**TASK BRIEF:**
In the copy, include no pictures, but reproduce every record exactly.

[Data extracted from a collection]

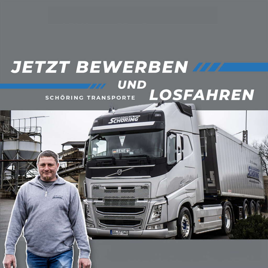 Von der Bewerbung bis zum ersten Arbeitstag: Erfahren Sie, wie einfach es ist, Teil des Teams von Schöring Transporte zu werden. Klar, transparent und unkompliziert!
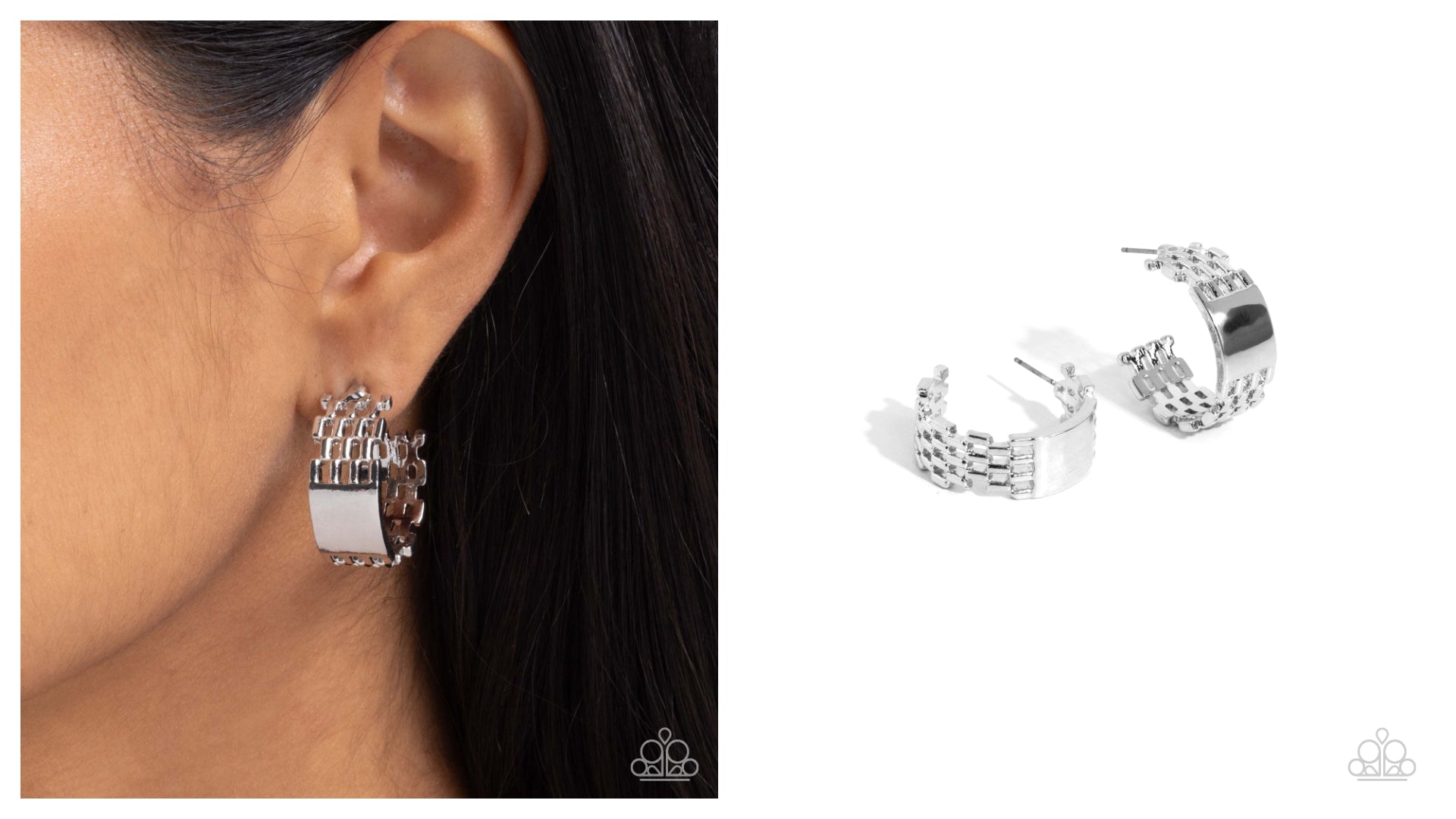 Featuring an industrial, belt-inspired pattern, a silver hoop streams out from both ends of a solid reflective silver rectangular center for an iconic, edgy look. Earring attaches to a standard post fitting. Hoop measures approximately 1" in diameter.
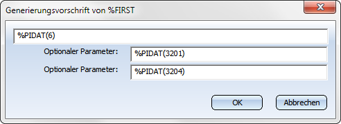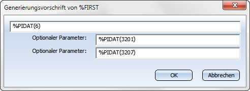Bestätigen Sie mit OK, dann wird die Vorschrift (z.B. %PIDAT(9)) angezeigt.
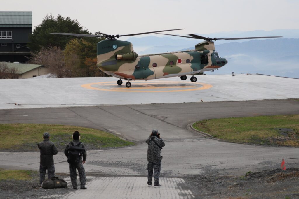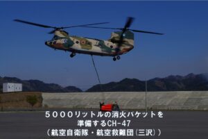 CH-47は大容量の水を運搬できる大型ヘリで、災害派遣において重要な役割を担っています。
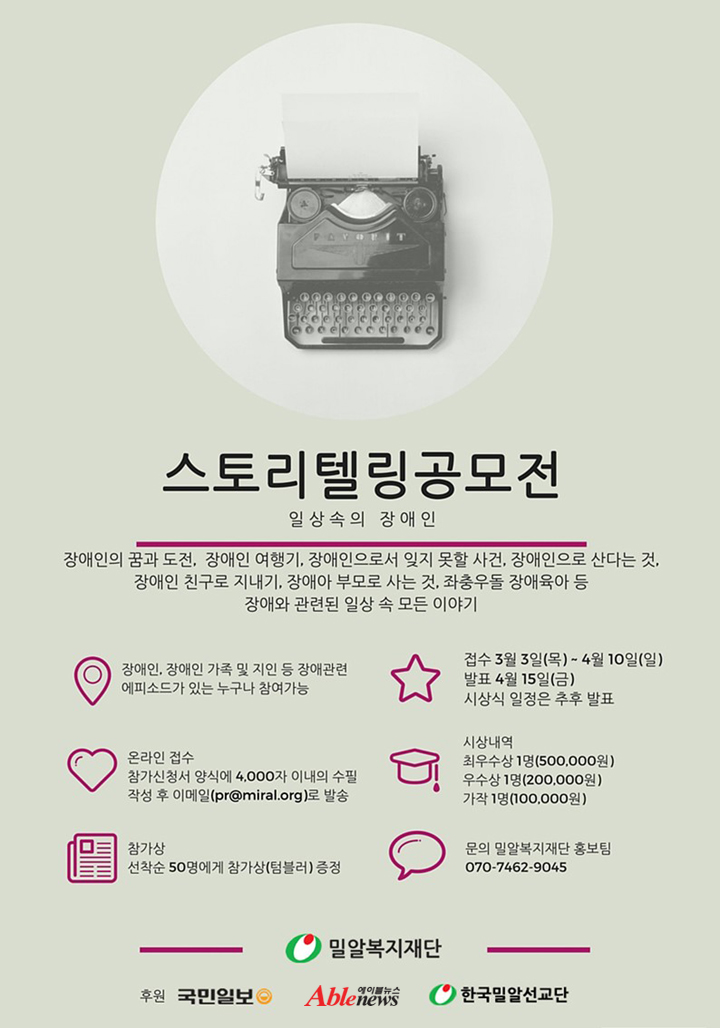 - 당선작의 저작권 등 일체 권한은 밀알복지재단에 귀속되며, 당선작품은 감성 홍보물, 영상 등으로 제작 활용될 예정임.
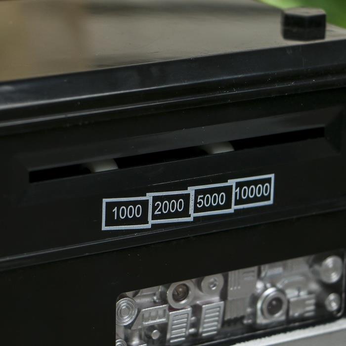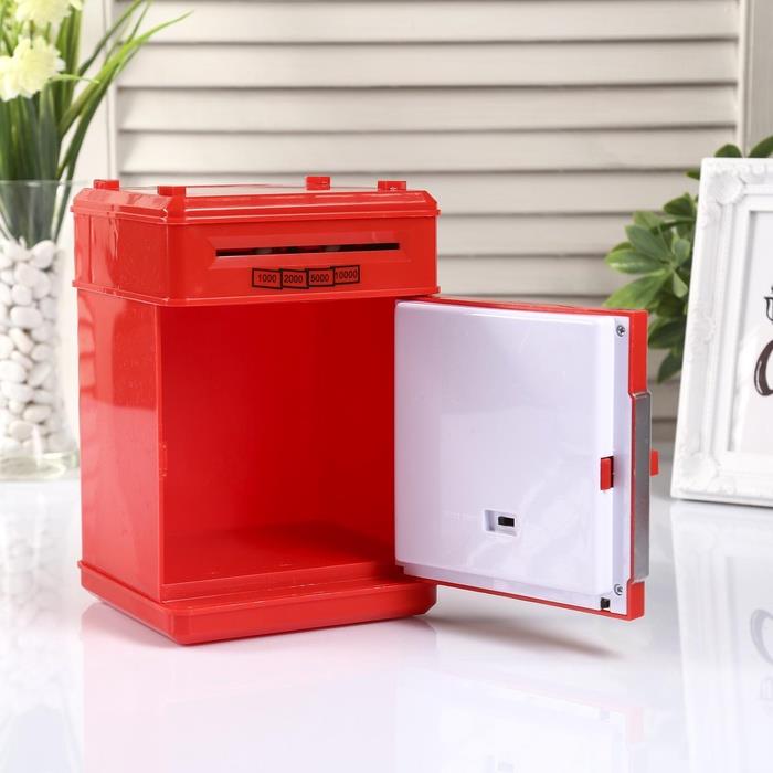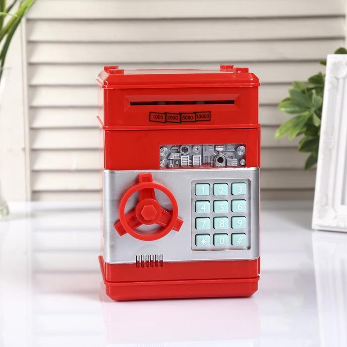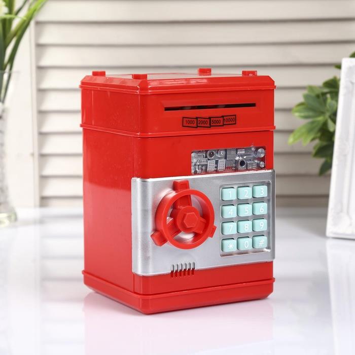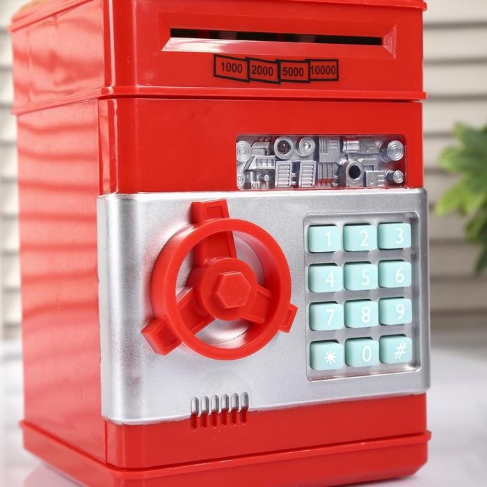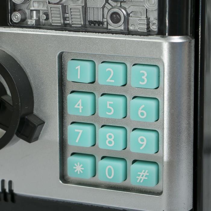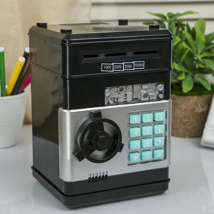 | Особенности | - звуковой эффект; - кодовый замок; - купюроприемник; - работает от трех батареек типа АА. |
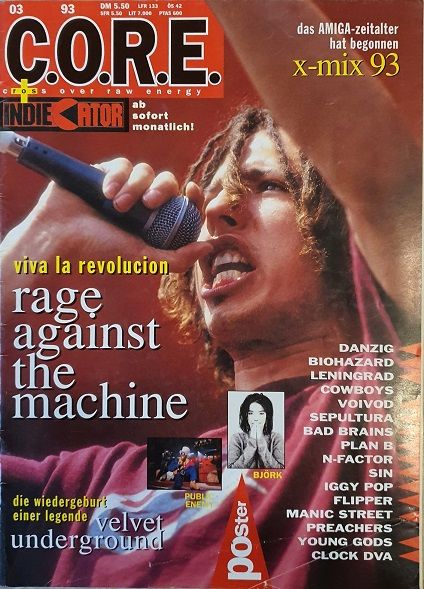 CORE Magazine March 1993 Rage Against The Mashine, Velvet Underground, Danzig, Biohazard, Sepultura, Iggy Pop, Manic Street Preachers Inside - Немецкий музыкальный журнал.
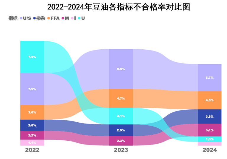 對比2022年和2023年的數據,2024年豆油樣品的質量持續表現良好,所有評估項目的合格率都在90%以上(圖3)。
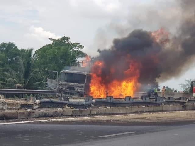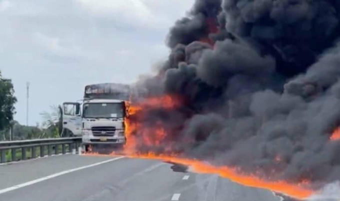 Khi qua nút giao Tân An đến địa phận tỉnh Tiền Giang thì xe bất ngờ gặp sự cố và bốc cháy dữ dội, toàn bộ nhiên liệu trên xe tràn xuống đường khiến cháy lan rộng, kéo dài hàng trăm mét.
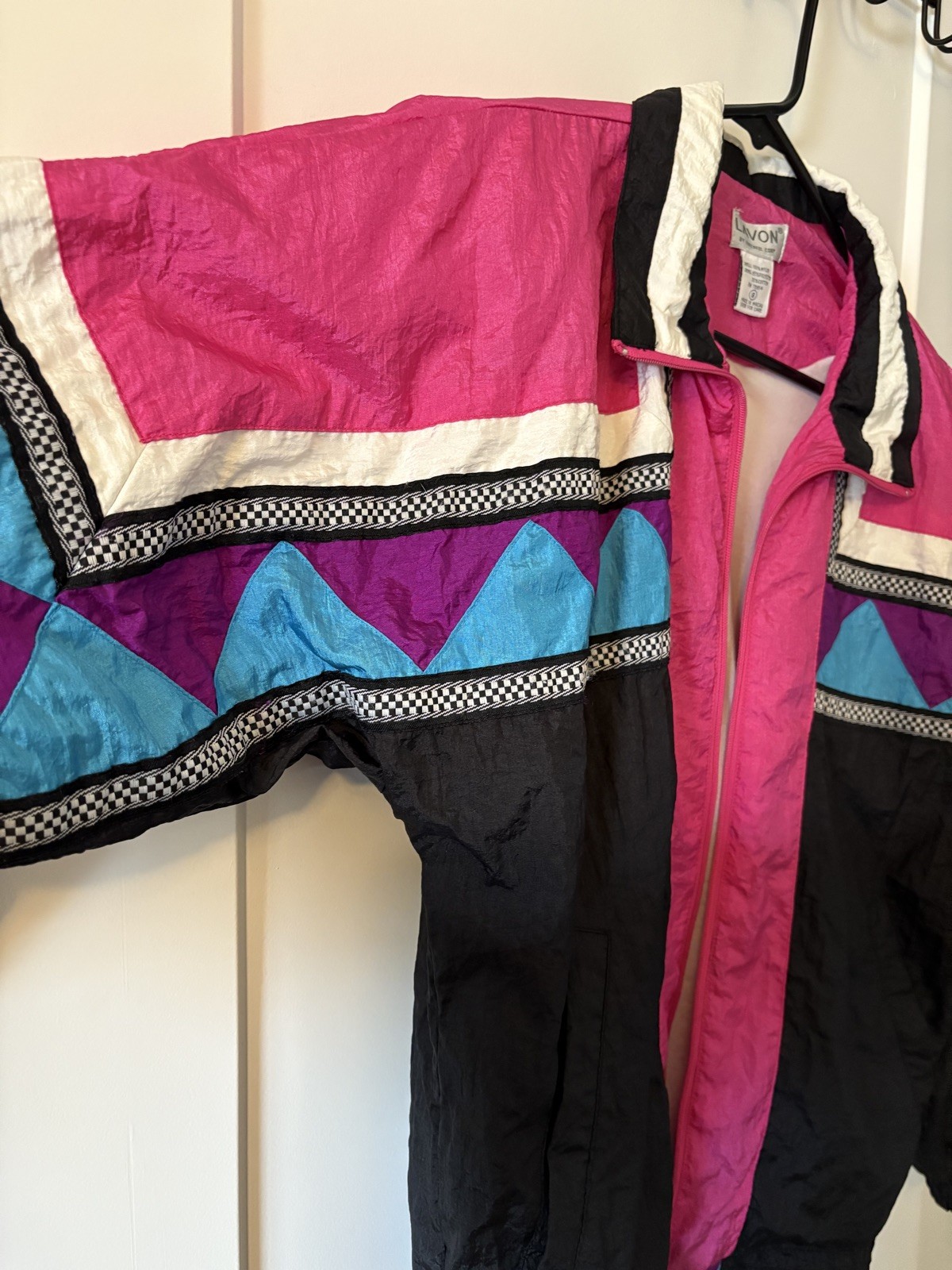 как выглядит Vintage 90s Lavon by Cheerful Corp Windbreaker Track Jacket Black/Pink Small фото
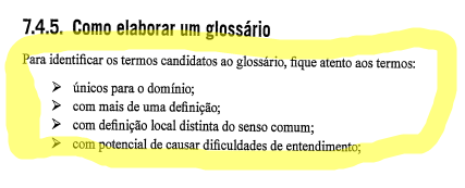 | 5 | Cada termo possui uma fonte de referência (documento, norma, especialista ou reunião) que justifique sua definição? [3] | Luan Vinícius, Samuel Felipe, Miquéias Ezequiel, Heyttor Augusto, João Pedro | Ver Imagem |
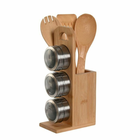 Mágneses fűszertartó, bambusz eszköztartó szett 7 részes
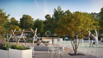 Закрытый двор с благоустройством в созерцательном стиле: фонтан, артобъекты, зоны тихого отдыха, детские и спортивные площадки.
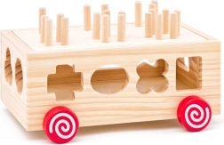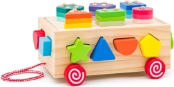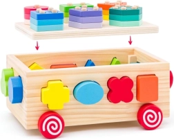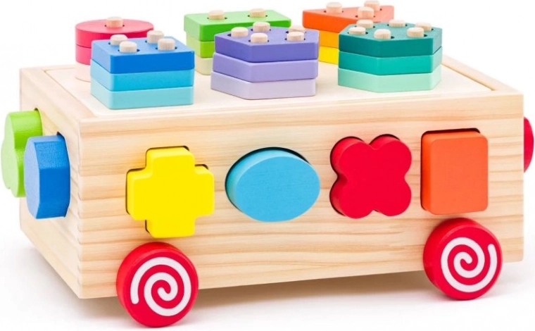 Ta leseni voziček je idealna igrača za malčke, ki združuje zabavo z učenjem. Voziček omogoča prepoznavanje oblik in razvoj fine motorike zahvaljujoč barvnim geometrijskim oblikam, ki jih otroci lahko vstavljajo v ustrezne odprtine.
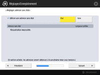 Spécifiez les réglages pour la connexion au réseau. ![]() ![]() Appuyez sur <Oui> pour <Utiliser IPv4> ou <Utiliser IPv6>, puis appuyez sur <Suivant>. Vous pouvez également utiliser IPv4 et IPv6 en même temps. Si vous appuyez sur <Non> pour <Utiliser IPv4> et <Utiliser IPv6>, et que vous appuyez sur <OK>, passez les réglages de réseau et passez à l'étape 9. Si vous appuyez sur <Oui> pour <Utiliser IPv4>, spécifiez les réglages suivants. ![]() Pour obtenir l'adresse IP automatiquement, appuyez sur <DHCP> ou <IP auto>, et appuyez sur <Suivant> ou <OK>. Pour spécifier l'adresse IP manuellement, effacez la sélection pour <DHCP> ou <IP auto>, appuyez sur <Adresse IP>, <Masque de sous-réseau>, et <Adresse de passerelle> pour saisir chaque valeur, puis appuyez sur <Suivant> ou <OK>. Pour information concernant les réglages pour les adresses IPV4, voir la section Configuration d'une adresse IPv4. ![]() Si vous appuyez sur <Oui> pour <Utiliser IPv6>, spécifiez les réglages suivants. ![]() Appuyez sur <Oui> pour utiliser l'adresse sans état ou <Non> dans le cas contraire, puis appuyez sur <Suivant>. Pour information concernant les adresses IPv6, voir la section Configuration d'une adresse IPv6. ![]() Après avoir spécifié l'adresse sans état, spécifiez les réglages suivants. ![]() Appuyez sur <Oui> pour utiliser l'adresse manuelle ou <Non> dans le cas contraire, puis appuyez sur <Suivant>. Pour utiliser l'adresse manuelle, appuyez sur <Adresse manuelle>, <Longueur préfixe> et <Adr. routeur par défaut> pour saisir chaque valeur. ![]() Après avoir spécifié l'adresse manuelle, spécifiez les réglages suivants. ![]() Appuyez sur <Oui> pour utiliser DHCPv6 ou <Non> dans le cas contraire, puis appuyez sur <OK>. | |

**FINAL ANSWER:**
 Von der Bewerbung bis zum ersten Arbeitstag: Erfahren Sie, wie einfach es ist, Teil des Teams von Schöring Transporte zu werden. Klar, transparent und unkompliziert!
 Featuring an industrial, belt-inspired pattern, a silver hoop streams out from both ends of a solid reflective silver rectangular center for an iconic, edgy look. Earring attaches to a standard post fitting. Hoop measures approximately 1" in diameter.
Bestätigen Sie mit OK, dann wird die Vorschrift (z.B. %PIDAT(9)) angezeigt.
 CH-47は大容量の水を運搬できる大型ヘリで、災害派遣において重要な役割を担っています。
 - 당선작의 저작권 등 일체 권한은 밀알복지재단에 귀속되며, 당선작품은 감성 홍보물, 영상 등으로 제작 활용될 예정임.
 | Особенности | - звуковой эффект; - кодовый замок; - купюроприемник; - работает от трех батареек типа АА. |
 CORE Magazine March 1993 Rage Against The Mashine, Velvet Underground, Danzig, Biohazard, Sepultura, Iggy Pop, Manic Street Preachers Inside - Немецкий музыкальный журнал.
 對比2022年和2023年的數據,2024年豆油樣品的質量持續表現良好,所有評估項目的合格率都在90%以上(圖3)。
 Khi qua nút giao Tân An đến địa phận tỉnh Tiền Giang thì xe bất ngờ gặp sự cố và bốc cháy dữ dội, toàn bộ nhiên liệu trên xe tràn xuống đường khiến cháy lan rộng, kéo dài hàng trăm mét.
 как выглядит Vintage 90s Lavon by Cheerful Corp Windbreaker Track Jacket Black/Pink Small фото
 | 5 | Cada termo possui uma fonte de referência (documento, norma, especialista ou reunião) que justifique sua definição? [3] | Luan Vinícius, Samuel Felipe, Miquéias Ezequiel, Heyttor Augusto, João Pedro | Ver Imagem |
 Mágneses fűszertartó, bambusz eszköztartó szett 7 részes
 Закрытый двор с благоустройством в созерцательном стиле: фонтан, артобъекты, зоны тихого отдыха, детские и спортивные площадки.
 Ta leseni voziček je idealna igrača za malčke, ki združuje zabavo z učenjem. Voziček omogoča prepoznavanje oblik in razvoj fine motorike zahvaljujoč barvnim geometrijskim oblikam, ki jih otroci lahko vstavljajo v ustrezne odprtine.
 Spécifiez les réglages pour la connexion au réseau. ![]() ![]() Appuyez sur <Oui> pour <Utiliser IPv4> ou <Utiliser IPv6>, puis appuyez sur <Suivant>. Vous pouvez également utiliser IPv4 et IPv6 en même temps. Si vous appuyez sur <Non> pour <Utiliser IPv4> et <Utiliser IPv6>, et que vous appuyez sur <OK>, passez les réglages de réseau et passez à l'étape 9. Si vous appuyez sur <Oui> pour <Utiliser IPv4>, spécifiez les réglages suivants. ![]() Pour obtenir l'adresse IP automatiquement, appuyez sur <DHCP> ou <IP auto>, et appuyez sur <Suivant> ou <OK>. Pour spécifier l'adresse IP manuellement, effacez la sélection pour <DHCP> ou <IP auto>, appuyez sur <Adresse IP>, <Masque de sous-réseau>, et <Adresse de passerelle> pour saisir chaque valeur, puis appuyez sur <Suivant> ou <OK>. Pour information concernant les réglages pour les adresses IPV4, voir la section Configuration d'une adresse IPv4. ![]() Si vous appuyez sur <Oui> pour <Utiliser IPv6>, spécifiez les réglages suivants. ![]() Appuyez sur <Oui> pour utiliser l'adresse sans état ou <Non> dans le cas contraire, puis appuyez sur <Suivant>. Pour information concernant les adresses IPv6, voir la section Configuration d'une adresse IPv6. ![]() Après avoir spécifié l'adresse sans état, spécifiez les réglages suivants. ![]() Appuyez sur <Oui> pour utiliser l'adresse manuelle ou <Non> dans le cas contraire, puis appuyez sur <Suivant>. Pour utiliser l'adresse manuelle, appuyez sur <Adresse manuelle>, <Longueur préfixe> et <Adr. routeur par défaut> pour saisir chaque valeur. ![]() Après avoir spécifié l'adresse manuelle, spécifiez les réglages suivants. ![]() Appuyez sur <Oui> pour utiliser DHCPv6 ou <Non> dans le cas contraire, puis appuyez sur <OK>. | |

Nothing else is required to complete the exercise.